Moldova mainly depends on Western funding, which has been cheaper and easier to obtain. He received aid of 100 million euros to help deal with the pandemic.
Neither Moscow nor Brussels
âTo date, Moldova does not seem able to put pressure on the EU or Russia. However, in the long run, the issue of an exclusive partnership with China rather than with the EU and the Russian-led Eurasian Economic Union could arise, as a partnership with Beijing would be more beneficial than the EU, to which Moldova will never be able to join, and a possible agreement with Moscow, which would not improve Moldova’s economic situation, âLambert explained.
Moldova is heavily dependent on Russian gas imports, which Moscow has used as leverage in its relations with Chisinau.
Gazprom said that if unpaid gas bills are not paid and a new contract is not signed by December 1, 2021, the Russian gas giant will shut down gas supply to Moldova.
Since September, Gazprom has reduced its exports to Moldova, with experts estimating that there has been a 35% drop in supply.
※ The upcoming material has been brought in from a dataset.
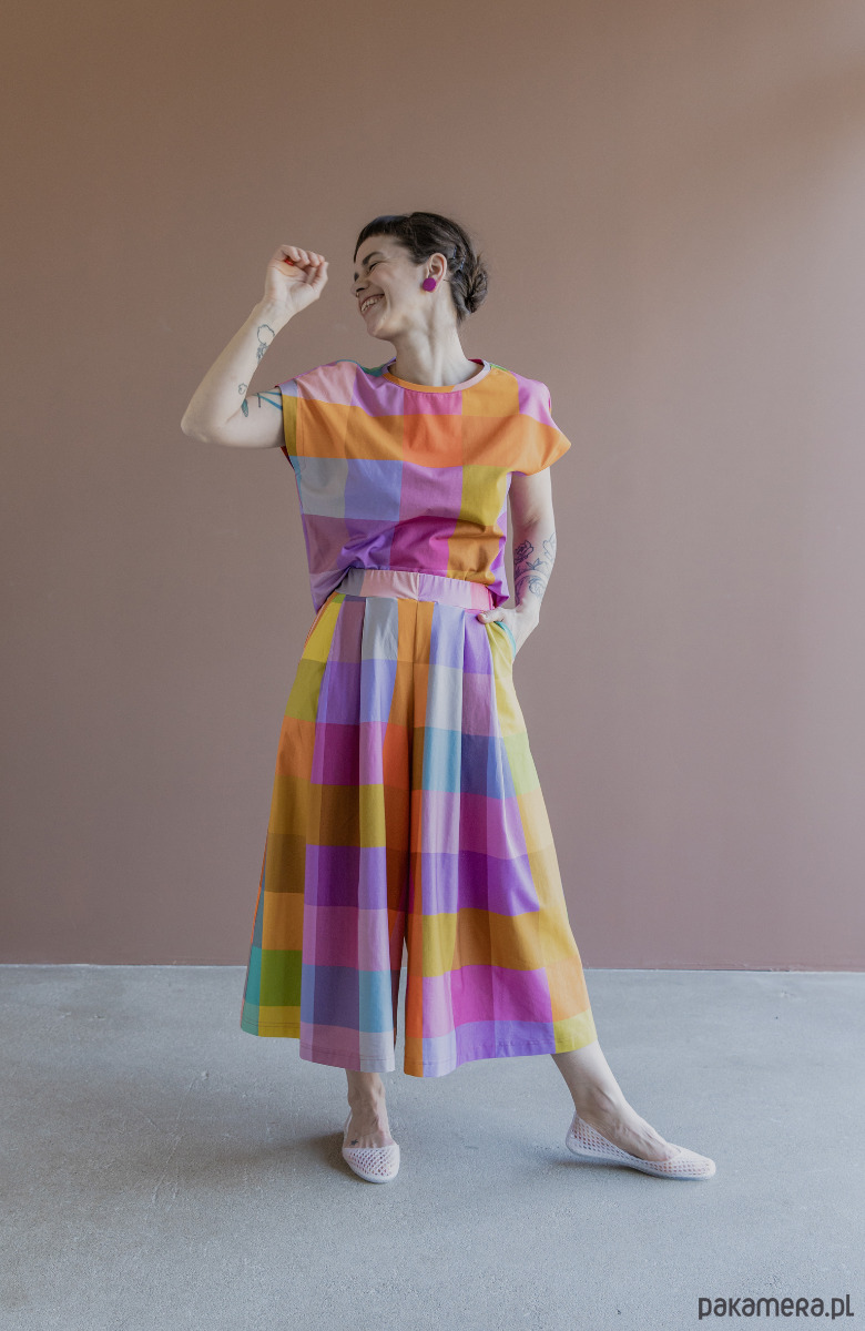 Spódnico-spodnie to uniwersalna baza wielu stylizacji. Zestaw je z T-shirtem, lnianą koszulą lub ulubionymi sandałkami. Dostępne są w kilku kolorach i wzorach. Wybierz swój ulubiony i noś tak, jak chcesz.

Gazprom is also demanding repayment of $ 700 million in suspected debt. Gazprom itself is a 50% shareholder in Moldovagaz, Moldova’s gas monopoly.
Moldova was receiving a â¬ 60 million grant from the EU to help it cope with its energy crisis, Sandu said on October 27. But it’s not at all clear whether that will be enough to stop the country from moving further into Beijing’s warm embrace.